No picture belongs in the copy. Repeat each line below exactly.

:: Data records

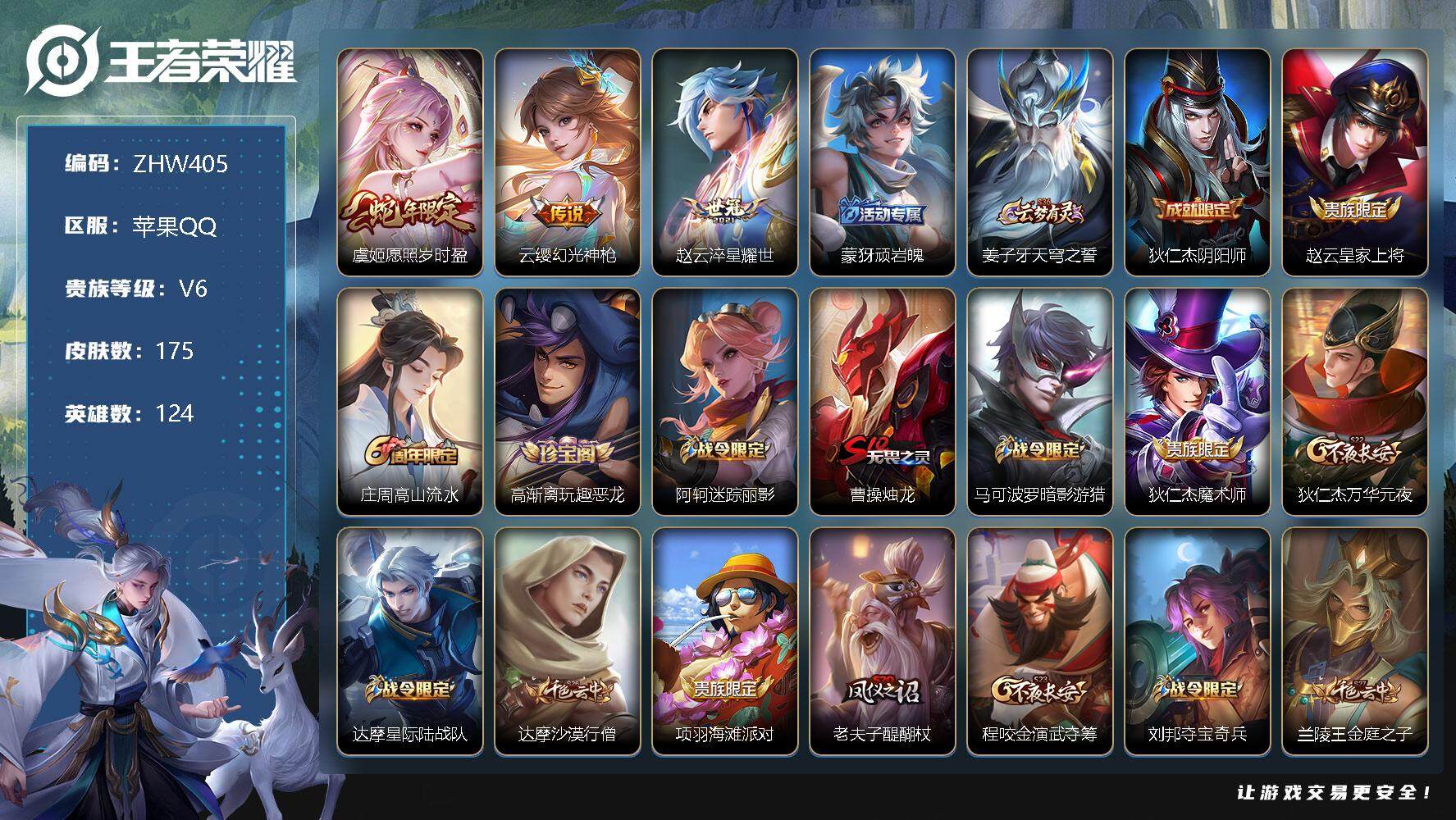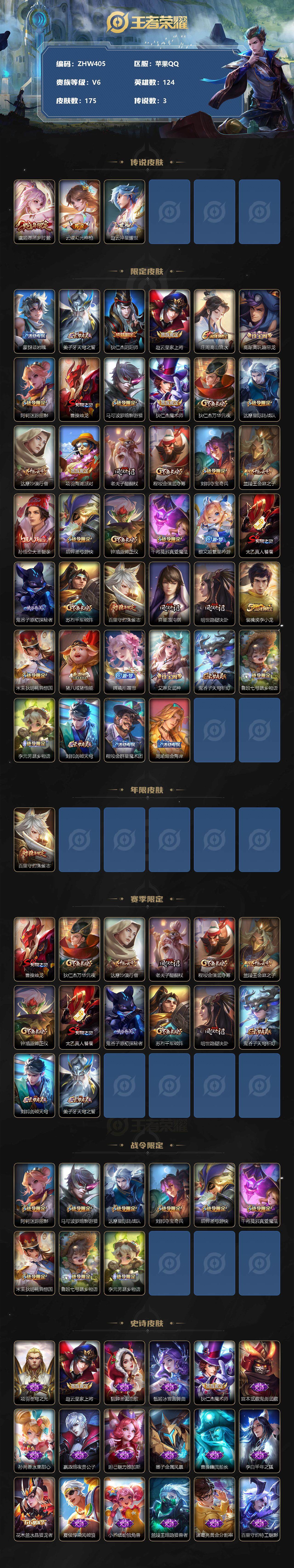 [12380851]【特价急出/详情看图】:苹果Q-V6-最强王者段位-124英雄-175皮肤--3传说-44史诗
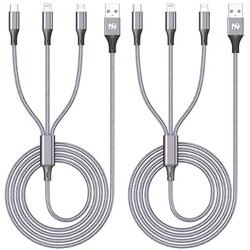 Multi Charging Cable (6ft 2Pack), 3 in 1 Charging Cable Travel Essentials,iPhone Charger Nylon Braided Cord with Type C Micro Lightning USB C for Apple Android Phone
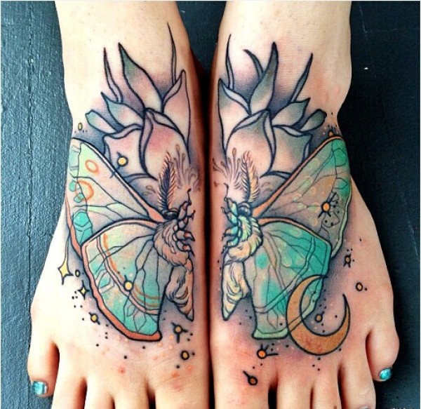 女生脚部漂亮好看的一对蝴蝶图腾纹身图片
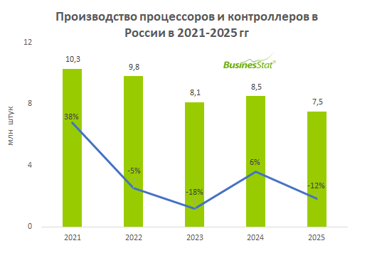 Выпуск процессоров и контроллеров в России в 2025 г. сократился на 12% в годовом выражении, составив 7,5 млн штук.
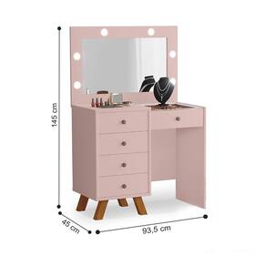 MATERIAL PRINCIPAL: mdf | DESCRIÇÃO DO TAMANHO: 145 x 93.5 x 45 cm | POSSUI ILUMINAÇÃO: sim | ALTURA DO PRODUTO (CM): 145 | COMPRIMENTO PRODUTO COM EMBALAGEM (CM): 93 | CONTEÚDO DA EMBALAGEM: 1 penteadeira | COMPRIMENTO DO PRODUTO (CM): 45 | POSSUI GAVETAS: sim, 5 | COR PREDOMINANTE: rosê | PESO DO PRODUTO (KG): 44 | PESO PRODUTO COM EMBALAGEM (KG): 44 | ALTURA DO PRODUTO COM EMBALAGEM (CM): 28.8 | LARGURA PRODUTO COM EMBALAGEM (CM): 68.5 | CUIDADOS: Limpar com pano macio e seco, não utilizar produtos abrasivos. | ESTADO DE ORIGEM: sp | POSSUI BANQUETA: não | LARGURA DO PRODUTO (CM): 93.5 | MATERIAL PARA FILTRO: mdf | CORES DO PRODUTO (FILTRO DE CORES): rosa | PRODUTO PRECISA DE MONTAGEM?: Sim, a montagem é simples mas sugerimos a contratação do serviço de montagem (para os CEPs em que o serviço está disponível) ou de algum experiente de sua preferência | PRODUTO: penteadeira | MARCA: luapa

::::

*Response box*.
 [12380851]【特价急出/详情看图】:苹果Q-V6-最强王者段位-124英雄-175皮肤--3传说-44史诗
 Multi Charging Cable (6ft 2Pack), 3 in 1 Charging Cable Travel Essentials,iPhone Charger Nylon Braided Cord with Type C Micro Lightning USB C for Apple Android Phone
 女生脚部漂亮好看的一对蝴蝶图腾纹身图片
 Выпуск процессоров и контроллеров в России в 2025 г. сократился на 12% в годовом выражении, составив 7,5 млн штук.
 MATERIAL PRINCIPAL: mdf | DESCRIÇÃO DO TAMANHO: 145 x 93.5 x 45 cm | POSSUI ILUMINAÇÃO: sim | ALTURA DO PRODUTO (CM): 145 | COMPRIMENTO PRODUTO COM EMBALAGEM (CM): 93 | CONTEÚDO DA EMBALAGEM: 1 penteadeira | COMPRIMENTO DO PRODUTO (CM): 45 | POSSUI GAVETAS: sim, 5 | COR PREDOMINANTE: rosê | PESO DO PRODUTO (KG): 44 | PESO PRODUTO COM EMBALAGEM (KG): 44 | ALTURA DO PRODUTO COM EMBALAGEM (CM): 28.8 | LARGURA PRODUTO COM EMBALAGEM (CM): 68.5 | CUIDADOS: Limpar com pano macio e seco, não utilizar produtos abrasivos. | ESTADO DE ORIGEM: sp | POSSUI BANQUETA: não | LARGURA DO PRODUTO (CM): 93.5 | MATERIAL PARA FILTRO: mdf | CORES DO PRODUTO (FILTRO DE CORES): rosa | PRODUTO PRECISA DE MONTAGEM?: Sim, a montagem é simples mas sugerimos a contratação do serviço de montagem (para os CEPs em que o serviço está disponível) ou de algum experiente de sua preferência | PRODUTO: penteadeira | MARCA: luapa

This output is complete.